Again, as in the flat worms above, some of these animals can be brilliantly colored and relatively benign additions to reef aquaria. Of course, there are also some species that are voracious predators which may cause damage to other species in a reef tank, but many tropical species appear happy to simply scavenge the detritus piles for left-overs. Unfortunately in the case of both groups I have discussed in this article, there is relatively little know about the biology of the group in general, but their abundance and ability to hide in and among tiny pieces of live rock make it likely that the observant hobbyist will encounter one or both these animals at some point in the life of their aquarium. I can offer no better advice than to watch the animal closely (separating unknown and potentially harmful animals into the sump or a separate tank is generally a good idea until it can be observed) and determine whether or not it presents a threat before sentencing an innocent and potentially interesting tank addition to the royal flush (which, for some reason, seems to be the favorite mode of execution for unwanted aquarium guests).
In most invertebrate zoology classes, a number of other small, wormlike phyla (such as gnathostomulids , gastrotrichs , kinorhynchs , priapulans , loriciferans , and acanthocephalans ) would be covered following flat and ribbon worms. Although these animals are common in live rock and especially in live sand, they are almost universally small, and are generally unobserved by even the most keen reef keepers. If you are curious about what these groups are, or what they look like, you can consult a general invertebrate zoology text book (such as Brusca & Brusca, 1990; Rupert & Barnes, 1996), or an in-depth aquarium text such as Moe (1993). Instead of filling in space with groups that are probably of little interest to the average aquarist, I will spend some time next month on the phyla Rotifera (rotifers) and the phylum Sipuncula (peanut worms).

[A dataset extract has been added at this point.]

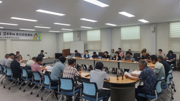 [충청뉴스큐] 충북 괴산군 괴산읍 축제추진위원회가 지난 4일 괴산읍 회의실에서 위원 20여명이 참석한 가운데 2023년 괴산고추축제의 성공개최를 위한 회의를 가졌다.
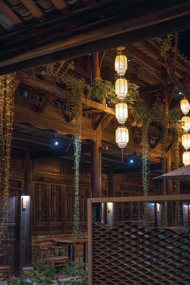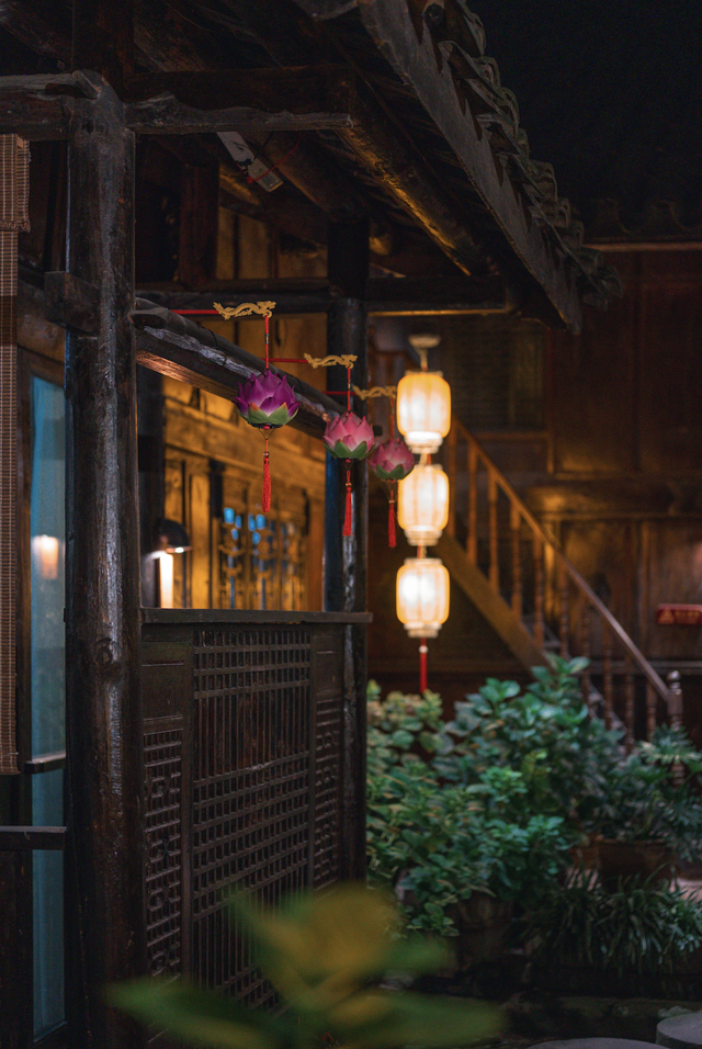 虽然是在晚上,也不难看出院子里种满了各式各样的花草树木,一股清新自然的气息萦绕身边。楼台上的吊兰垂在走廊上,典雅至极,在暖黄色灯光下,更添了几分古韵。

Brusca, R.C., & G.J. Brusca, 1990. Invertebrates. Sinauer Associates, Inc. Sunderland, Mass. 922 pp.
Delbeek, J.C. & J. Sprung. 1994. The Reef Aquarium: a comprehensive guide to the identification and care of tropical marine invertebrates. , Ricordea Publishing: Coconut Grove, FL.
Moe, M.A., Jr., 1993. The Marine Aquarium Reference: Systems and Invertebrates. Green Turtle Publications, Plantation Florida, 512 pp.
Ruppert, E. E. & R. D. Barnes. 1994. Invertebrate Zoology. Saunders College Publishing. Philadelphia, 1056 pp.